BRANSON, Mo. -- Sgt. Linn Windle retires Jan. 1 after 27 years with the Missouri State Highway Patrol.
He's looking forward to it, he said: more time to bake pies.
In the past five years, he has baked more than 1,200 pies. Three hundred this year. Oatmeal crumb apple, strawberry rhubarb, and gooseberry -- "for the natives," he said -- are his favorites. In his backyard, he grows much of the fruit: blackberries, gooseberries, strawberries, rhubarb and blueberries. His daughter, Miranda Paladino, who lives in Windsor with her husband, David, and their three children, has apple trees.
He gives all his pies away to charities that can auction pies at fund-raisers. He's known across Taney County, where he has patrolled since 1993, as "the Pie Man."
"If people hear there's a pie from him, it brings big money," said Laura Parramore, director of resource development for the Lake Country Boys & Girls Clubs. At this year's Steak and Burger fund-raiser, one sold for "well over $100," she said. "And when he comes into an event, he has a special box to carry pies. He's a one-man shop. He's so generous and so giving and does so much good for the kids."
This year, sales of his pies have raised more than $7,000 for charities. The top bid for a pecan pie was $600, he said.
He gives away cookies at Christmas. He's baked 600 dozen so far this year. That's 7,200 of the melt-in-your-mouth butter cookies he squeezes onto baking sheets with an electric cookie press. He burned one out this year and had to get another, he said.
Posted on the refrigerator in the kitchen he shares with Julie, his wife of 32 years, is a long list of this year's recipients: city and county officials, theaters, the night shift in the emergency room at Skaggs Community Health Center.
"I put cookies in every 6 1/2 minutes," he said, pulling a baking sheet out of the oven.
The 4-foot countertop is covered with 5-gallon ice cream buckets filled with cookies.

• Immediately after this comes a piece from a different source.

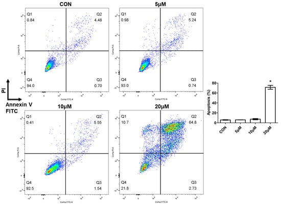 Annexin V-FITC/PI apoptosis detection was performed according to the manufacturer’s instruction. Cells were cultured in a 6-well plate and treated with different concentrations of compounds (0, 5 μM, 10 μM, 20 μM) for 48 h. Then, cells were collected and washed with PBS and suspended in Annexin V binding buffer. FITC labeled Annexin V and PI were added and incubated for 20 min in the dark. Samples were measured using flow cytometry as soon as possible and the raw data was analyzed using FlowJo software (v10, Becton, Dickinson and Company, Ashland, CA, USA).

A large cardboard box on the sofa holds dozens of baggies filled with the confections.
The ingredients don't cost much, he says. Supporters give him bags of flour and sugar. Friends bring him bottles of Mexican vanilla. The Oregon Fruit Products Co. sent him a donation of pie fillings after hearing about his efforts. And he watches for sprinkles on sale.
"Part of the fun is finding bargains," he said.
Windle says he's had his share of danger over his years on patrol.
"I was shot through the hat in 1985," he said. "A kid killed his dad and shot his sister, and I stumbled on him in an abandoned house. We were running for cover, and I dropped my hat on a fence post and went back into the woods. There were 88 holes of bird shot in my hat. It would have hurt me if I'd been wearing it."
And then there were the worst times.
"The wrecks. The drinking with the young kids. Not wearing their seat belts. You tell them over and over. The worst is working bad wrecks and telling parents their kids aren't coming home," he said.
Baking started as a stress reliever, he said. After a dispute in 1997 with a supervisor, Windle said he went home and asked his wife, a retired teacher, to bake him a pie "to make me feel better.
"But she had something to do, and she told me to bake the pie myself. So I did. Rolling out the dough was therapy, so I did it every night."
After a while, his family got burned out on pies, so he began giving them away. Now, he says, it is his hobby.
After years of seeing people at their worst while he was on the job, Windle says he's learned what's really important in life. The Windles also have two sons.
"My grandmother told me a person is rich if they have two things: their health and their family," Windle says.
Windle, 53, keeps no secrets, including the way to a flaky pie crust. The mix is seven cups of flour, two cups of butter-flavored Crisco and a tablespoon of salt. The key, he says, is to let the crumbled mix stand at room temperature at least 24 hours. Add water when you're ready to bake, he says, but don't get the dough too wet and don't mix it too long.
Taney County Circuit Clerk Brenda Neal has been a fan of the Pie Man for years.
"I buy his pies as a treat for my husband," Neal says. "I've given up to $50, because it's for a good cause."
Windle's very "community-minded," Neal says. "Linn is one of those people you don't have to wonder what he's thinking. He gives you the straight story."